16 min readMay 11, 2020

In a previous post, we discussed the characteristics desirable in the database serving our Algorithmic Trading System (currently for US Equities). We hinted then that while we don’t intend to use this trading system database for tick data analysis, some of the considerations do overlap, especially the scalability and performance of the tools in question. One key difference is that a tick data research environment typically only needs to house read-only non-proprietary data such as trades and quotes, as opposed to transactional proprietary data such as customer orders.

In this technical post, we expand upon these thoughts and explore what it takes to set up a productive tick data research environment.

TL;DR

A tick data research environment consists of much more than the database and analysis tools. More specifically, it involves the acquisition/capture and timely processing of tick and reference data into a cleansed, normalized, and complete data set. Given the cost and complexity of setting up these processes, and the significant performance and scalability requirements for such an environment, most small and even many large teams will benefit from using a hosted tick data service, such as OneTick Cloud.

Although multiple vendors offer hosted tick data, we believe OneTick has the right execution model where computation is performed directly on the stored data. We think this model of computation has advantages over services that offer API-based access to raw data (or simple aggregations), requiring the extraction of a large amount of underlying data to perform the simplest analytics.

Background

So, what exactly is Tick data? Tick data is really financial jargon that simply refers to any type of published prices for securities. This can include trades in a security, or the published quotes, or other asset-class-specific data such as LULD bands.
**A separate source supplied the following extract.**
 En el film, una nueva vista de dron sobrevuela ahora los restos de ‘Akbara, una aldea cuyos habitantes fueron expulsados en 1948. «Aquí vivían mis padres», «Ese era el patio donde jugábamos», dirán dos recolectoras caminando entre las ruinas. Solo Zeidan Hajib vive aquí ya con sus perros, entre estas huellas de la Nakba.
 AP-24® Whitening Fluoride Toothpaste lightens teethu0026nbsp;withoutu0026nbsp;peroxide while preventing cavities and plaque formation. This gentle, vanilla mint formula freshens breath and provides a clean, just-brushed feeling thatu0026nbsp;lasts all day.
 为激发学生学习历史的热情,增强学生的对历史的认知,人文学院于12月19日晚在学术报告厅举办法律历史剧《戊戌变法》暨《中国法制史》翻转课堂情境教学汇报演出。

Within Equities, quote records may include:

an NBBO quote: the national best bid and offer
a Top-of-Book quote (aka Level 1): the best bid and offer displayed by a particular exchange
a Depth-of-Book price quote (aka Level 2): typically an individual order at a given price level at a particular exchange (either on the bid side or the offer side); sometimes all orders at a price level are aggregated into a single price-level record

Additionally, reference data related to the subject securities often accompanies the tick data. Some examples of reference data elements for Equity securities include Security Type, Primary Exchange, Lot Size, Industry Sector, Index memberships, or more obscure attributes such as the LULD Tier.

Common Use Cases

A well-designed tick data research environment can serve a diverse set of use cases:

Market microstructure research
Algorithmic trading model development
Strategy back-testing
Trading signal development
Calculation of security stats often used in algorithmic trading strategies: Average Daily Trading Volume (ADTV), Volume Curve(s), Average Spread, Average Displayed Quote Size, Historical Volatility
Venue analysis, Sector analysis, Factor analysis
Regulatory and customer reporting, most commonly around Transaction Cost Analysis: This use case requires integration with transaction data sources such as customer orders and executions.
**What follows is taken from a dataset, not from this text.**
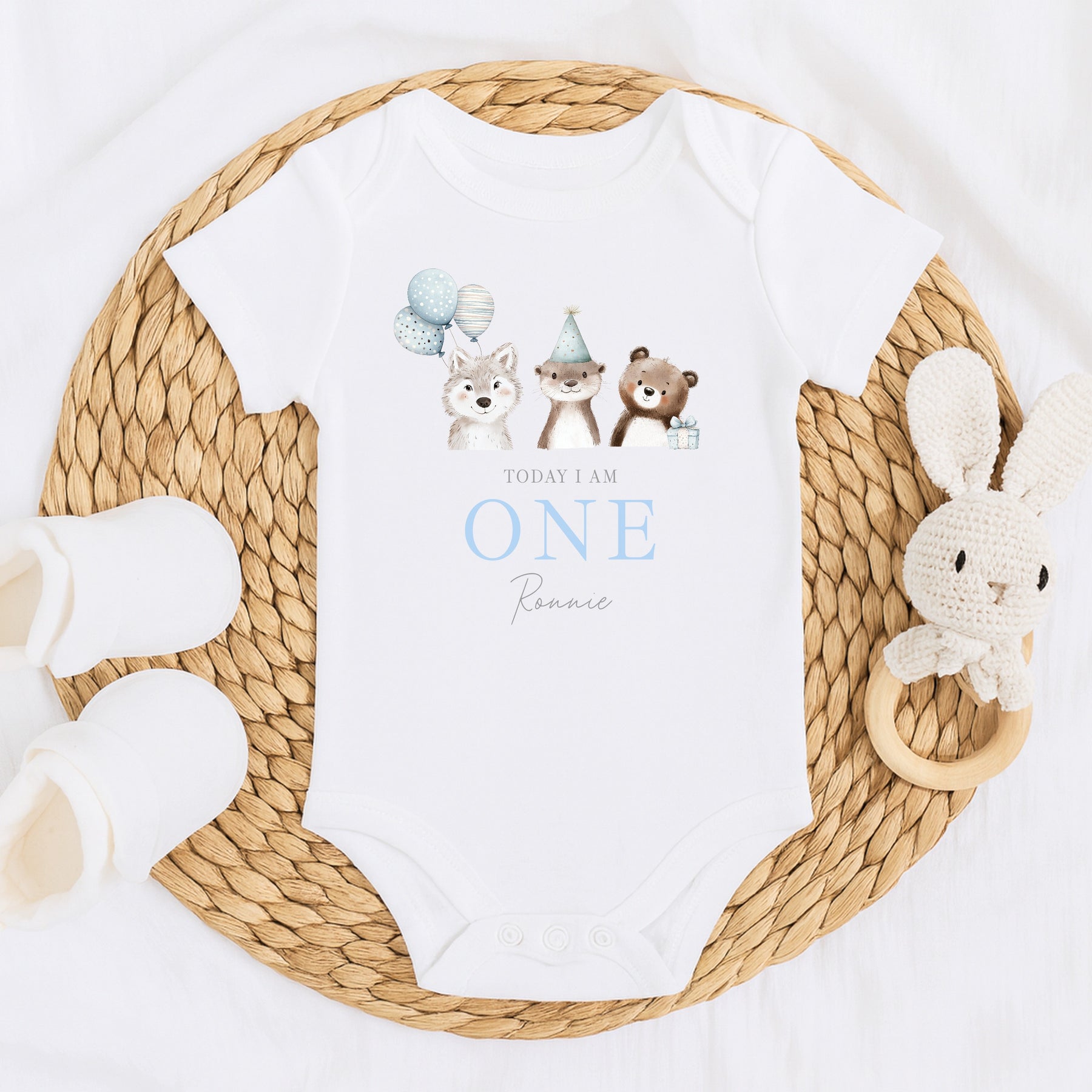 Celebrate your little boy’s special milestone with this adorable woodland animal first birthday outfit, featuring a sweet wolf, otter and bear with soft blue balloons and party hat. Personalised with your child’s name, this outfit is perfect for a first birthday celebration, cake smash photoshoot or birthday party.

Why is a separate environment needed?

So why does this environment need to be distinct from the usual application database where you store your transactions? There are a few reasons:

The tick data research environment primarily houses read-only historical tick data (and its derived data) typically not generated by the trading or back-office systems.
This strictly historical data often goes back multiple years or even decades. Efficient storage and fast processing of on-disk data is the name of the game. There is very little need for transactional capabilities of a database, and the hardware and software infrastructure is geared towards scaling storage and computations rather than response times.
The analysis use-cases are strictly batch-mode. The queries are generally long-running with run times from minutes in some case to days in other cases.
The data loaded into this environment has generally been cleansed and normalized, and any gaps have either been explicitly identified or have been filled using alternate data sources. Even if the trading system database captures market data to some extent, it is typically on a best-efforts basis, where data may have been conflated or elided.
Given the accuracy, usability, and completeness requirements, the data is often sourced from vendors who specialize in the curation of such data. As an example, even if a firm subscribes to SIP market data for US Equities and records such market data itself, it may choose to populate its research environment using NYSE TAQ on a nightly basis.
This environment caters to a different set of users — computer scientists, data scientists, and data analysts. Considering the research slant of this environment, often, the use-cases are ad-hoc explorations rather than production systems or reports. This means that a rich and interactive user-interface is essential for this environment.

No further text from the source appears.